Le choix d'une mise en scène épurée raccorde parfaitement avec l'écriture sensible, cruelle (parfois même drôle) mais gravement belle. Pas de cinéma vérité, mais un cinéma qui la cherche, une grosse nuance. Le "parler vrai" n'est en rien gage de pertinence, les mots (ou les silences) doivent être soigneusement sélectionnés. D'où l'émotion qu'ils créent, par exemple lors d'une entrevue déchirante avec la meilleure amie de la défunte (Pauline Serieys, émouvante). Comme nos héros, on réalise que plus on croit avancer plus on se coince.

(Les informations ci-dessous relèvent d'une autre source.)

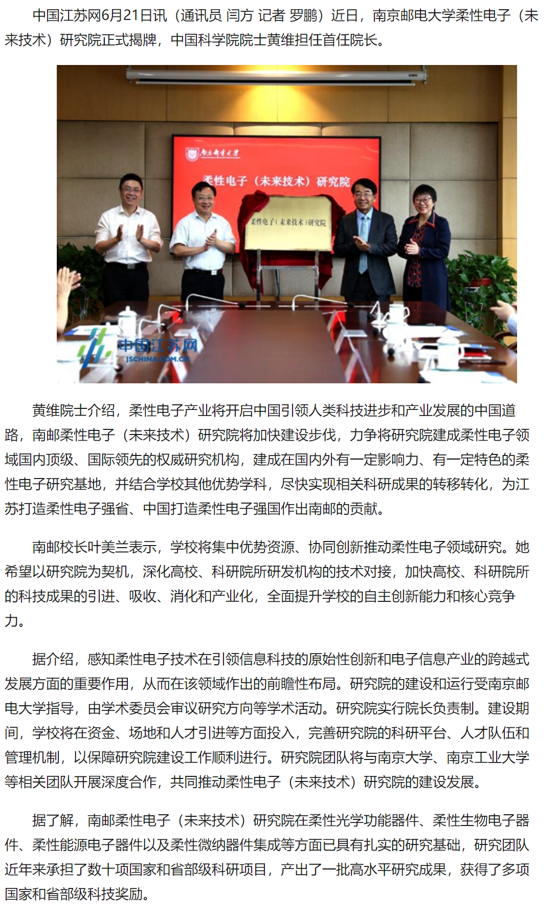 【中国江苏网】南邮成立柔性电子(未来技术)研究院

Une femme tombe dans l'obscurité, les hommes se révèlent en plein jour. Moll ne joue pas du manichéisme, son œuvre dévisse certains archétypes (Marceau, campé avec génie par Bouli Lanners) pour mieux rendre son état des lieux limpide. Le film à enquête se métamorphose en introspection d'un mal(e) qu'on est bien en peine de couper à la racine. Par hypocrisie, lâcheté ou sauvagerie. De tout cela, on en retrouve des bouts avec tel suspect ou chez tel agent de police, au détour d'une remarque chargée de sous-entendus de sens ou d'une attitude lourde de sens. Il n'est pas anodin de finir sur une note plus lumineuse par l'entremise d'un nouveau personnage qui, à défaut de débloquer l'investigation, pourrait bien entrouvrir une nouvelle perspective à ces hommes dévorés.